## To do
Exact reproduction is required for the lines below starting at the line with "Уже к готовой" and ending at the line with "Po przybyciu na", both included. No other lines, and no pictures.

## Supplied records

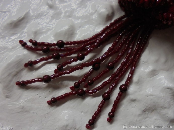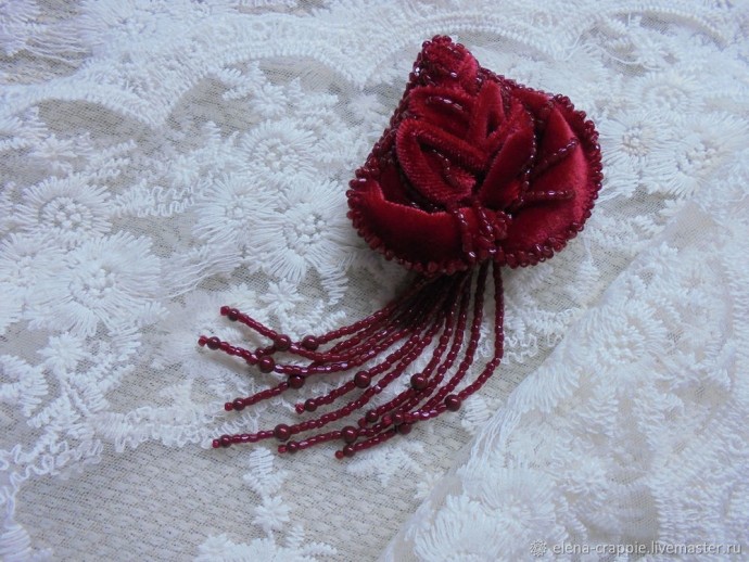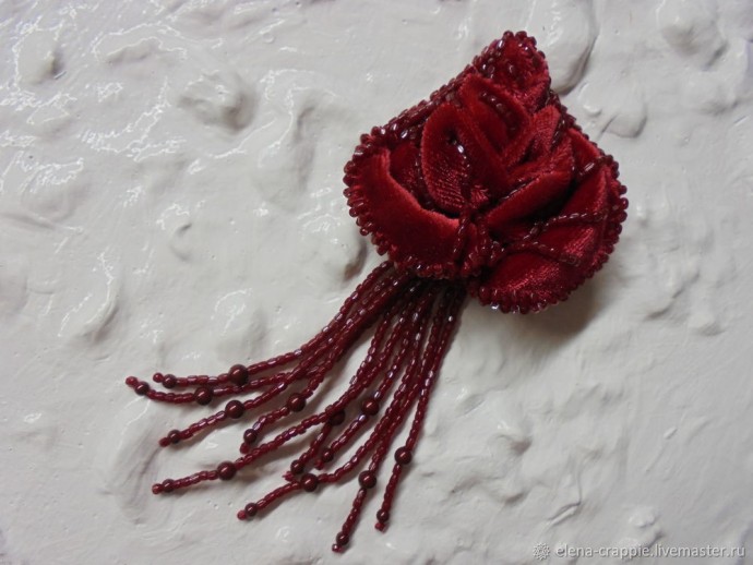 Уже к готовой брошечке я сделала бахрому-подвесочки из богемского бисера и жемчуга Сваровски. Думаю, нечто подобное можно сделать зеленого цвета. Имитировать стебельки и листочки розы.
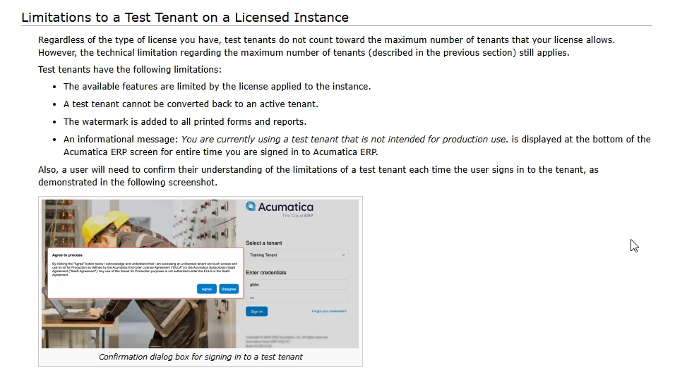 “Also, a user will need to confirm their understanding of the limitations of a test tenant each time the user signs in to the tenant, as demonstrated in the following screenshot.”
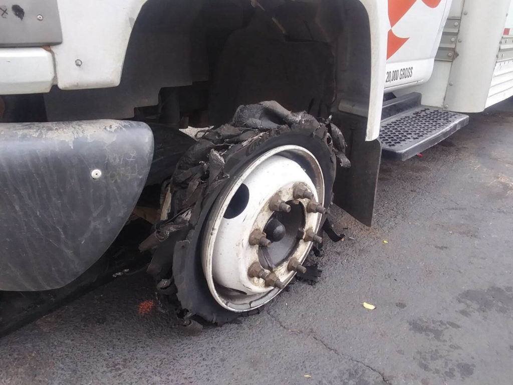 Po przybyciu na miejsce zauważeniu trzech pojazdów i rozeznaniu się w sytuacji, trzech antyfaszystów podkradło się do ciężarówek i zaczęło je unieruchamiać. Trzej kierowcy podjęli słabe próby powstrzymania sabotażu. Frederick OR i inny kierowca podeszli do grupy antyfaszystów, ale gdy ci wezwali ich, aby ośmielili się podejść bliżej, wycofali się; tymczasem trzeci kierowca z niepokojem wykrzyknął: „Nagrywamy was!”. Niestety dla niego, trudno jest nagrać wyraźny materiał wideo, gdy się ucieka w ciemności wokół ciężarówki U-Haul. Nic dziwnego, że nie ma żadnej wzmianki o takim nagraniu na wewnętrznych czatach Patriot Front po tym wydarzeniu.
---
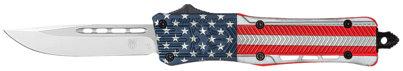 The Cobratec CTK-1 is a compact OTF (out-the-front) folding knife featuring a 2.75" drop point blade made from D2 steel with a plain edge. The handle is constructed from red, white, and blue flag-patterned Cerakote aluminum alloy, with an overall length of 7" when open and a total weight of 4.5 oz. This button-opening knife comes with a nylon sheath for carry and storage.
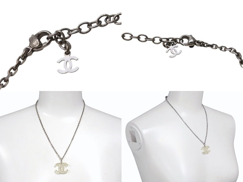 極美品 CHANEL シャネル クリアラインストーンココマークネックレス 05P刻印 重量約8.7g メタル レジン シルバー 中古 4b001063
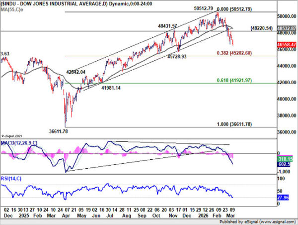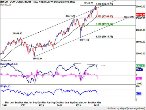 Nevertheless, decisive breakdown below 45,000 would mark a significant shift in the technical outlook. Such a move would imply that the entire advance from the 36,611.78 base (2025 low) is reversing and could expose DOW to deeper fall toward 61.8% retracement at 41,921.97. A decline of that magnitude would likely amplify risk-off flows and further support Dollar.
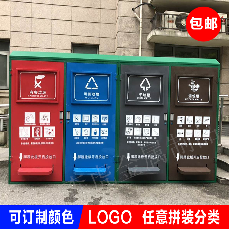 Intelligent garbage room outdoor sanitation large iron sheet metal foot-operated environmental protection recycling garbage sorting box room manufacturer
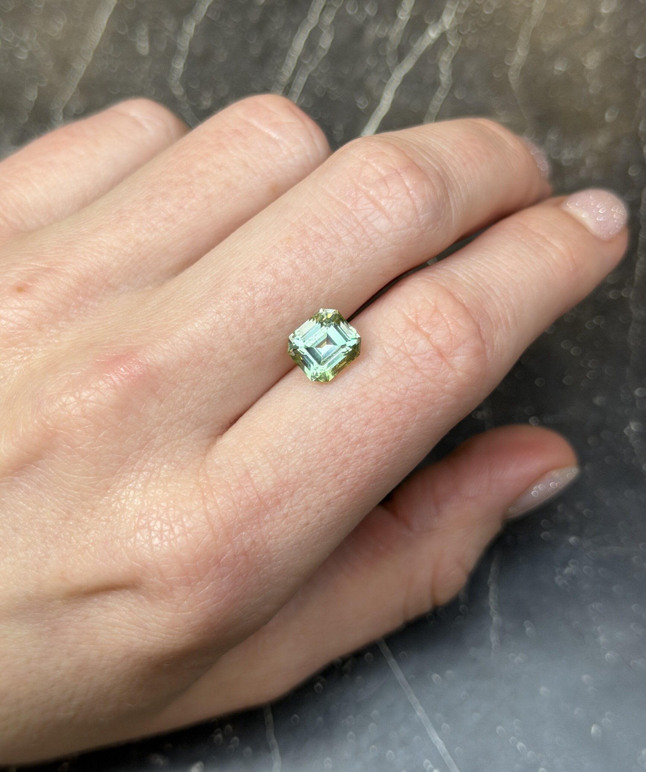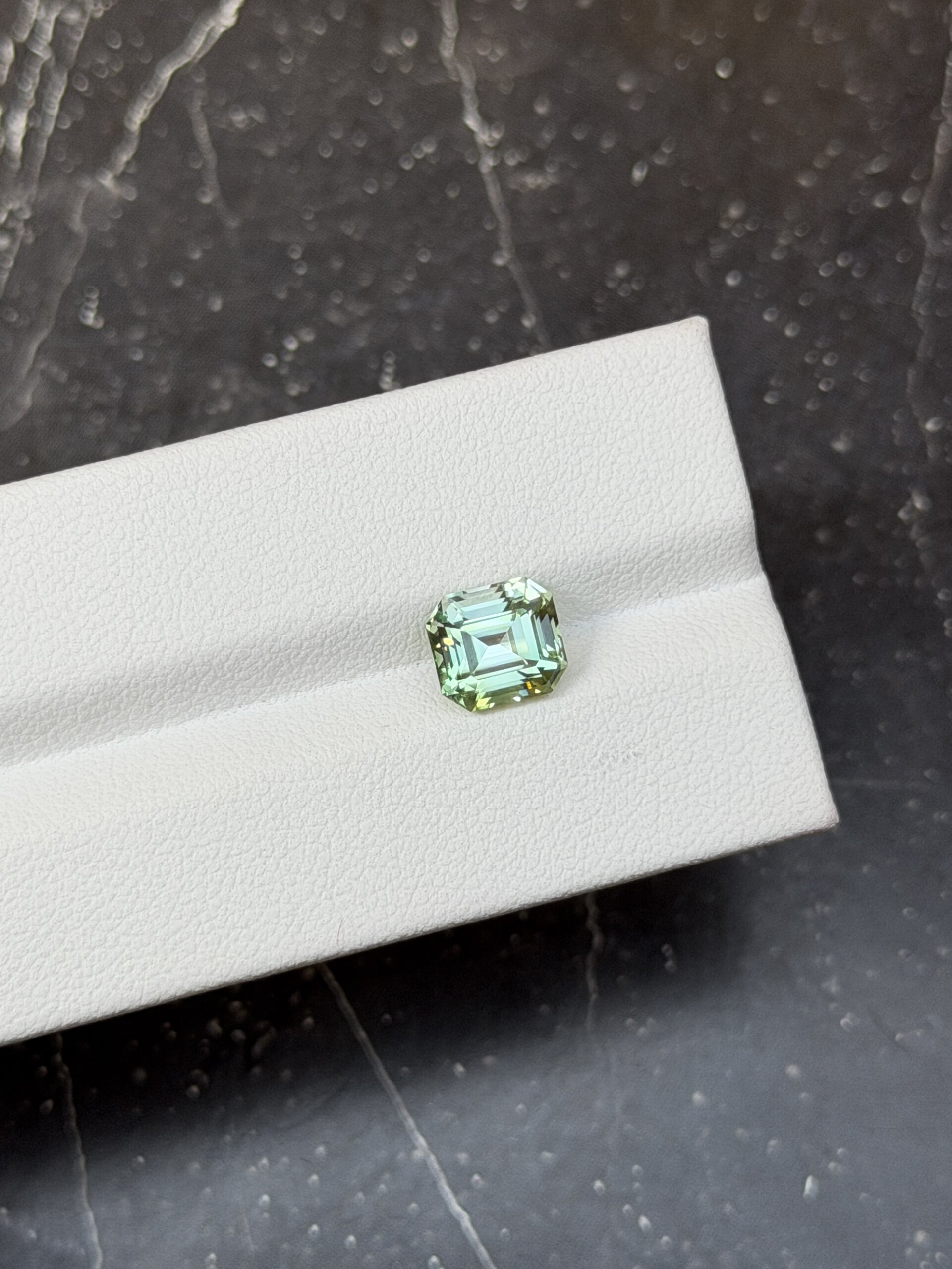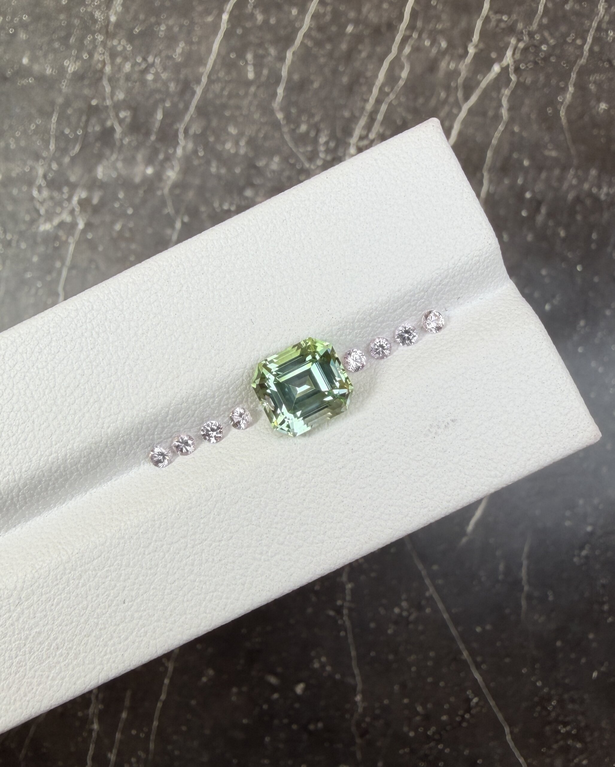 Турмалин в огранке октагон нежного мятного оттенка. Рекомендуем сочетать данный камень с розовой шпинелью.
...
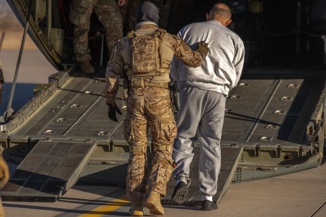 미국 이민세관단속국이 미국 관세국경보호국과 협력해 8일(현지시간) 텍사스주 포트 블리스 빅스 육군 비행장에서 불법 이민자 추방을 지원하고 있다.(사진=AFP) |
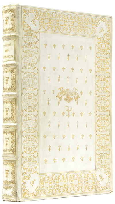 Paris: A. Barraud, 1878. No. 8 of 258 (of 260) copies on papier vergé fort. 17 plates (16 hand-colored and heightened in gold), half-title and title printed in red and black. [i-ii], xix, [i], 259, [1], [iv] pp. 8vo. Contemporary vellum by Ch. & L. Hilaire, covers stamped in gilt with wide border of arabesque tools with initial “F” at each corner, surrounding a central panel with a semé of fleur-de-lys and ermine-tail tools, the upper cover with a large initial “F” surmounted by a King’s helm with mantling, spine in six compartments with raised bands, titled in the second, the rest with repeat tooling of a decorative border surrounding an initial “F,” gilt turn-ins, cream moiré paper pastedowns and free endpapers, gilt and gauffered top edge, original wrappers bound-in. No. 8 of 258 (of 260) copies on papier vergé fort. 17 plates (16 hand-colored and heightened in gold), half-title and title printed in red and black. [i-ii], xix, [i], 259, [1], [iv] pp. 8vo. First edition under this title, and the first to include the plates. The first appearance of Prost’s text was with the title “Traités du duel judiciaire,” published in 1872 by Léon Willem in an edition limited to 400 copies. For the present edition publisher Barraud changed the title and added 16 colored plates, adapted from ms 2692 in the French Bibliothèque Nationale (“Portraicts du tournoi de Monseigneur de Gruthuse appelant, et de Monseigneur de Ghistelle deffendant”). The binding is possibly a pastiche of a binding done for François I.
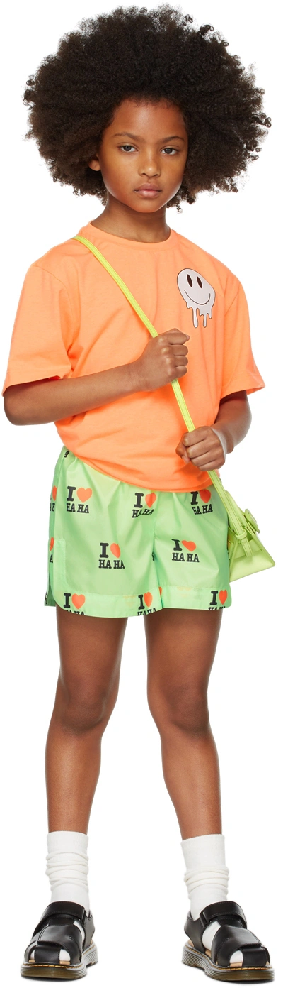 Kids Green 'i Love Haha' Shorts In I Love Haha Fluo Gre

## Answer to the exercise
 Уже к готовой брошечке я сделала бахрому-подвесочки из богемского бисера и жемчуга Сваровски. Думаю, нечто подобное можно сделать зеленого цвета. Имитировать стебельки и листочки розы.
 “Also, a user will need to confirm their understanding of the limitations of a test tenant each time the user signs in to the tenant, as demonstrated in the following screenshot.”
 Po przybyciu na miejsce zauważeniu trzech pojazdów i rozeznaniu się w sytuacji, trzech antyfaszystów podkradło się do ciężarówek i zaczęło je unieruchamiać. Trzej kierowcy podjęli słabe próby powstrzymania sabotażu. Frederick OR i inny kierowca podeszli do grupy antyfaszystów, ale gdy ci wezwali ich, aby ośmielili się podejść bliżej, wycofali się; tymczasem trzeci kierowca z niepokojem wykrzyknął: „Nagrywamy was!”. Niestety dla niego, trudno jest nagrać wyraźny materiał wideo, gdy się ucieka w ciemności wokół ciężarówki U-Haul. Nic dziwnego, że nie ma żadnej wzmianki o takim nagraniu na wewnętrznych czatach Patriot Front po tym wydarzeniu.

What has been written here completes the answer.